You probably mean this:
typedef struct ST {
/* fields omitted */
} *STP;
The asterisk is at the end of the statement. This simply means "define the type STP to be a pointer to a struct of this type". The struct tag (ST) is not needed, it's only useful if you want to be able to refer to the struct type by itself, later on.
You could also have both, like so:
typedef struct {
/* fields omitted */
} ST, *STP;
This would make it possible to use ST to refer to the struct type itself, and STP for pointers to ST.
Personally I find it a very bad practice to include the asterisk in typedefs, since it tries to encode something (the fact that the type is a pointer) into the name of the type, when C already provides its own mechanism (the asterisk) to show this. It makes it very confusing and breaks the symmetry of the asterisk, which appears both in declaration and use of pointers.
It's a habit that stems from the time when typedef names and struct tagnames were in the same namespace. See http://blogs.msdn.com/oldnewthing/archive/2008/03/26/8336829.aspx
I think you are talking about :
typedef struct{
int a;
char b;
} object, *objectPointer;
This means that (new) type objectPointer is a pointer to struct (object) defined above. Its easy to declare pointers to object struct this way. For instance,
objectPointer A = (objectPointer)malloc(sizeof(object));
A->a = 2;
Now, A is a pointer to struct object and you can access its variables as described above.
In case, objectPointer was not defined,
struct object *A = (struct object *)malloc(sizeof(object));
A->a = 2;
So, I guess objectPointer is more intuitive and easy to use.
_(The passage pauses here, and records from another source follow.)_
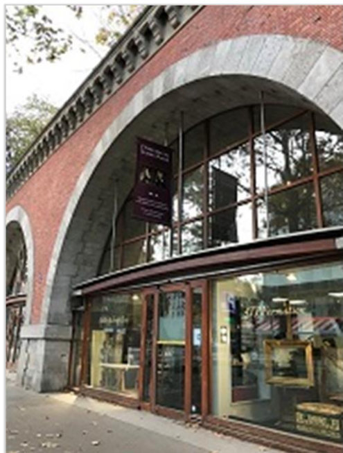
■拱頂下租給藝術家、工藝師及設計者作為工坊、展示及販售的空間。

工。目前64個拱頂全數開放給52個藝術家、工藝師及設計者等租用作為工坊、展示及販售的空間，其中11個被認證為Entreprise du Patrimoine Vivant（EPV認證） 3 ，甚至有1個是青年創作者租用的。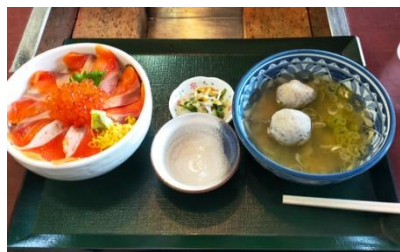
【魚の駅生地 親子丼】

出身地：岐阜県岐阜市 生年月日：1994年4月12日 血液型：AB型 趣味：野球（実践・観戦） 好きな食べ物：麺類、お肉 嫌いな食べ物？：マヨネーズ 得意だった科目：社会、理科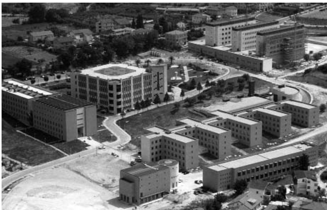
Colle dell'Ara (Chieti), nuovo presidio ospedaliero "Santissima Annunziata"

Ma le risorse statali non sono in grado di finanziarle e questo comporta, necessariamente, una mobilitazione di capitali privati per finalità pubbliche, attraverso progetti ine-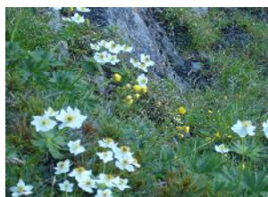
寄せ植えのように各種の花が咲き競っています。

I hope that the first code would say a compiler error ,
I see no good reason for the typedef name be different from the tag name.
Now, the reason for which the tag name needs to be typedefed if you don't want to use
struct tag v;
but
tag v;
is probably an historical one. For as long as I remember, C had typedef but I don't know if it was true when struct have been introduced (handling of typedef is a nuisance in the C grammar). In the old code I've seen, using typedef for struct isn't done, and there are things like unix
struct stat;
int stat(const char*, struct stat*);
which would break with an automatic typedef. One those are introduced, changing is quite difficult (yes, C++ has automatic typedef but C++ has special wording to handle that case of overloading and it would be yet another complication).